Begriff und Zweck der Fehlbelegungsabgabe
Die Fehlbelegungsabgabe ist eine besondere Abgabe, die im Zusammenhang mit öffentlich gefördertem Wohnraum erhoben werden kann. Sie dient dazu, sicherzustellen, dass Sozialwohnungen tatsächlich von Personen genutzt werden, die auf diese Form des Wohnraums angewiesen sind. Der Begriff bezeichnet eine Zahlungspflicht für Mieterinnen und Mieter von Sozialwohnungen, deren Einkommen über bestimmte Grenzen hinausgeht und die damit eigentlich keinen Anspruch mehr auf eine solche Wohnung hätten.
Rechtliche Grundlagen der Fehlbelegungsabgabe
Die Einführung und Ausgestaltung der Fehlbelegungsabgabe erfolgt durch landesrechtliche Regelungen. Die Bundesländer können selbst entscheiden, ob sie diese Abgabe einführen oder nicht. Ziel ist es in erster Linie, den sozialen Wohnraum gezielt an berechtigte Haushalte zu vergeben und ungerechtfertigte Belegung zu vermeiden.
Anwendungsbereich
Die Fehlbelegungsabgabe betrifft ausschließlich Wohnungen des sozialen Wohnungsbaus. Diese Wohnungen wurden mit öffentlichen Mitteln errichtet oder modernisiert und unterliegen bestimmten Belegungsbindungen sowie Mietpreisbindungen.
Voraussetzungen für die Erhebung einer Fehlbelegungsabgabe
Eine Verpflichtung zur Zahlung entsteht dann, wenn das Einkommen eines Haushalts dauerhaft über den festgelegten Einkommensgrenzen liegt. Die zuständigen Behörden prüfen regelmäßig das Einkommen der Bewohnerinnen und Bewohner solcher Wohnungen. Wird festgestellt, dass das Haushaltseinkommen deutlich über dem zulässigen Wert liegt, kann eine entsprechende Abgabepflicht entstehen.
Feststellung des Einkommensüberschusses
Für die Berechnung wird das gesamte Jahreseinkommen aller zum Haushalt gehörenden Personen herangezogen. Überschreitet dieses Einkommen einen bestimmten Schwellenwert – meist ein Vielfaches des ursprünglich zulässigen Höchstbetrags -, gilt dies als sogenannte „Fehlbelegung“ im Sinne der Vorschriften.
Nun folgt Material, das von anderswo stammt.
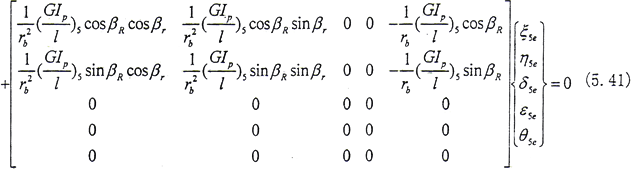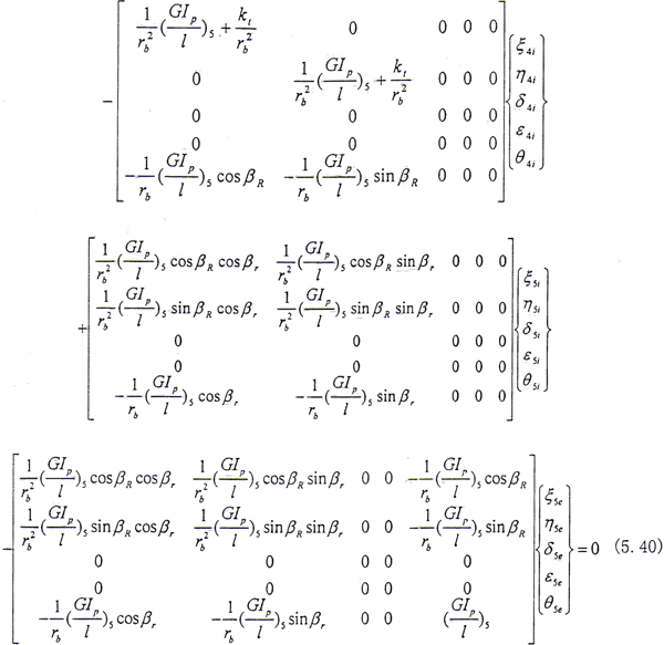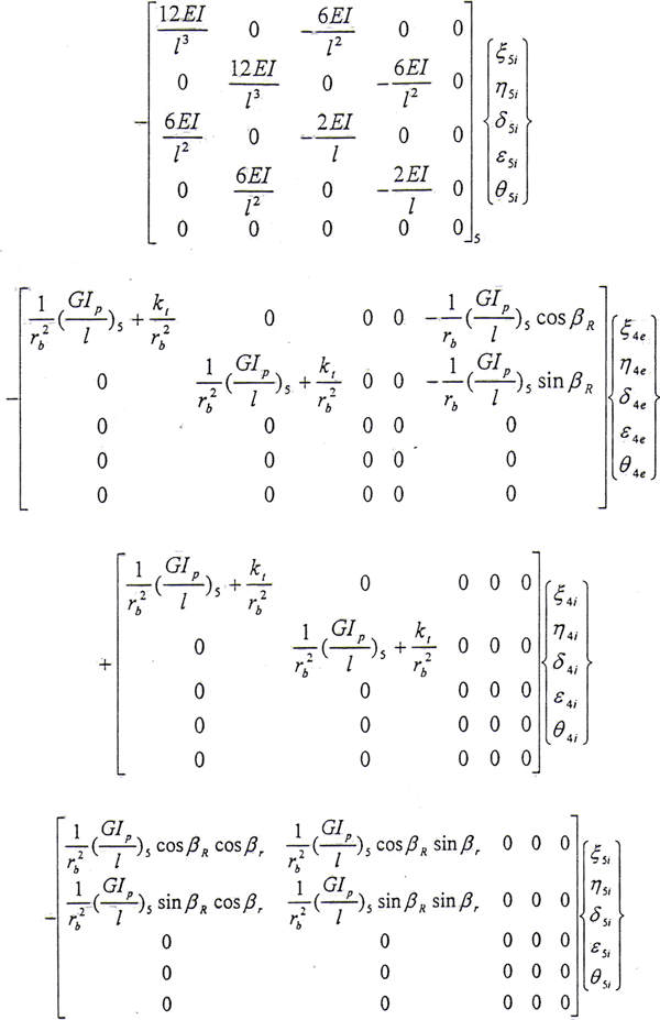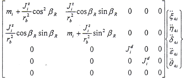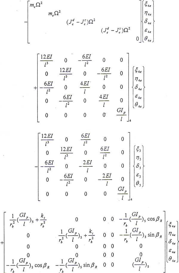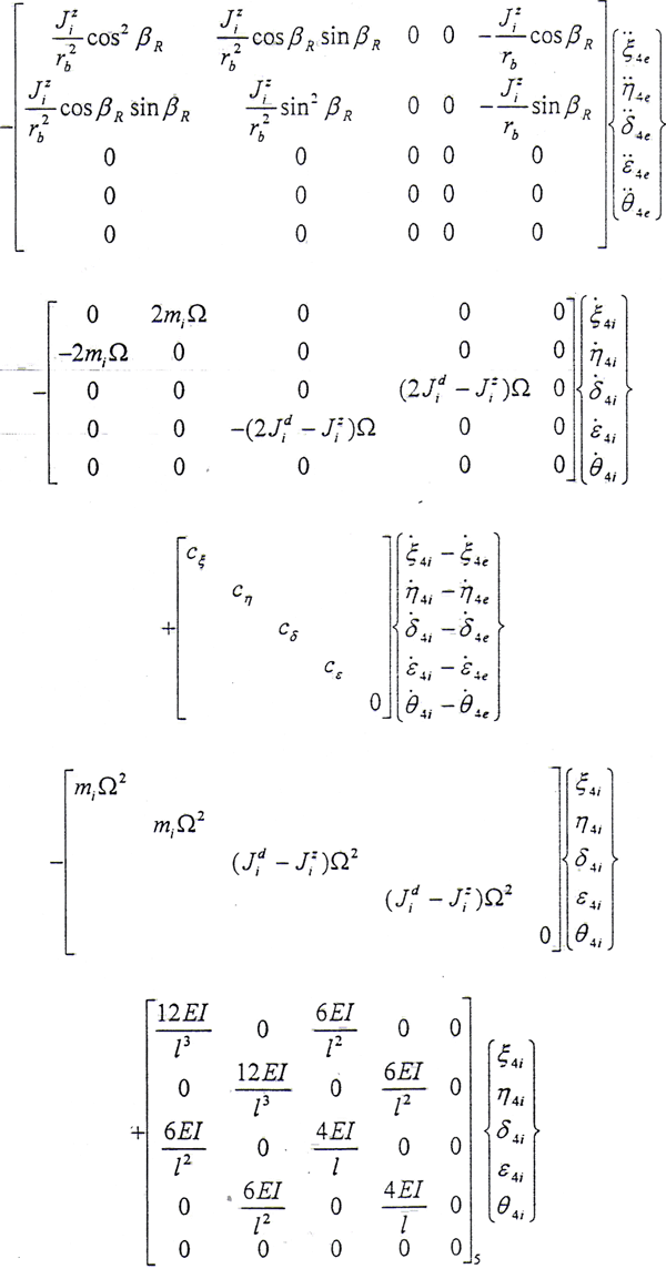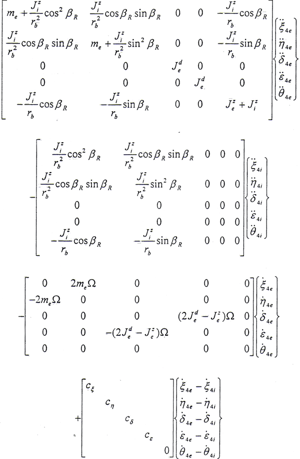 在式(5.27)和式(5.28)中,由于包含了θj+1(即為圖5.5中的θ5i)。而θ5i又必須要滿足以上的約束關(guān)系,所以可以想象在考慮了二個半聯(lián)軸器后,耦合關(guān)系更為復(fù)雜。但處理的方法是類同的,具體過程在此不再重復(fù)了。整個系統(tǒng)有8個結(jié)點,共48個自由度。下面僅列出結(jié)點4處的運(yùn)動微分方程。

Berechnungshöhe und Zahlungsmodalitäten der Fehlbelegungsabgabe
Die Höhe der Abgabe richtet sich nach dem Umfang des Einkommensüberschusses über den maßgeblichen Grenzwert hinaus. Je höher das überschreitende Einkommen ausfällt, desto höher wird auch die monatlich zu zahlende Abgabesumme angesetzt. Die genaue Berechnungsweise variiert je nach Bundesland; häufig gibt es gestaffelte Sätze oder prozentuale Anteile am Überschussbetrag.
Zahlungspflichtige Personen
Zur Zahlung verpflichtet sind grundsätzlich diejenigen Mieterinnen oder Mieter einer geförderten Wohnung, deren gesamtes Haushaltseinkommen oberhalb der festgelegten Grenze liegt – unabhängig davon wie lange sie bereits in dieser Wohnung leben oder ob sich ihre Lebensumstände geändert haben.
Zweckbindung und Verwendung der Einnahmen aus der Fehlbelegungsabgabe
Die Einnahmen aus dieser Abgabe dienen in vielen Fällen dazu, neue soziale Wohnungen zu schaffen oder bestehende Fördermaßnahmen im Bereich des sozialen Wohnraums weiterzuführen beziehungsweise auszubauen.
Befreiungen sowie Ausnahmen von der Pflicht zur Zahlung einer Fehlbelegungsabgabe
In bestimmten Fällen sehen landesrechtliche Regelungen Befreiungsmöglichkeiten vor: Beispielsweise können Härtefälle berücksichtigt werden – etwa bei schwerwiegenden persönlichen Gründen wie Krankheit oder Pflegebedürftigkeit innerhalb eines Haushalts.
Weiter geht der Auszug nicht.